Attorneys for Spanier say the Freeh report “contained numerous inaccuracies and reached conclusions that are not supported by the data,” without providing details. Paterno’s family said yesterday in a statement that it also disputed some of Freeh’s findings and was conducting its own review of the proceedings.

Paterno’s Record

Paterno was fired in November after charges were filed against Sandusky.

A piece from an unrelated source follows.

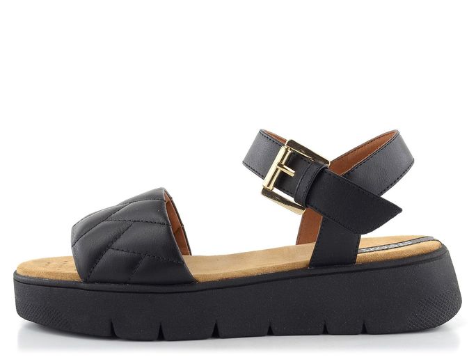 Dámské sandály na platformě od italské značky Geox kombinují moderní design s maximálním pohodlím. Jsou ideální volbou pro městské prostředí i lehké procházky. Sandály mají kulatý střih a jsou vyrobeny z kvalitní kůže a syntetiky. Černá barva a prošívaný přední pásek dodávají sandálům elegantní vzhled. Podšívka je syntetická, stélka je lehce měkčená a semišová s perforací pro lepší prodyšnost.

The Nittany Lions’ coach for 46 years and the winner of a Division I-record 409 games, Paterno died of lung cancer in January.

On campus, the group that manages the encampment of students at Beaver Stadium known at “Paternoville” in honor of the former football coach, changed the location’s name to “Nittanyville” yesterday, calling it a “new era in Nittany Lion football.”

Southern Methodist University received the death penalty in 1987 when it was revealed that 13 players had received a total of $61,000 from a slush fund provided by a booster. The NCAA canceled SMU’s 1987 season and allowed it to play just seven games -- all on the road -- in 1988.

“This is completely different than an impermissible benefits scandal like (what) happened at SMU, or anything else we’ve dealt with,” Emmert said. “There have been people that said this wasn’t a football scandal. It was that, but much more. And we’ll have to figure out exactly what the right penalties are.”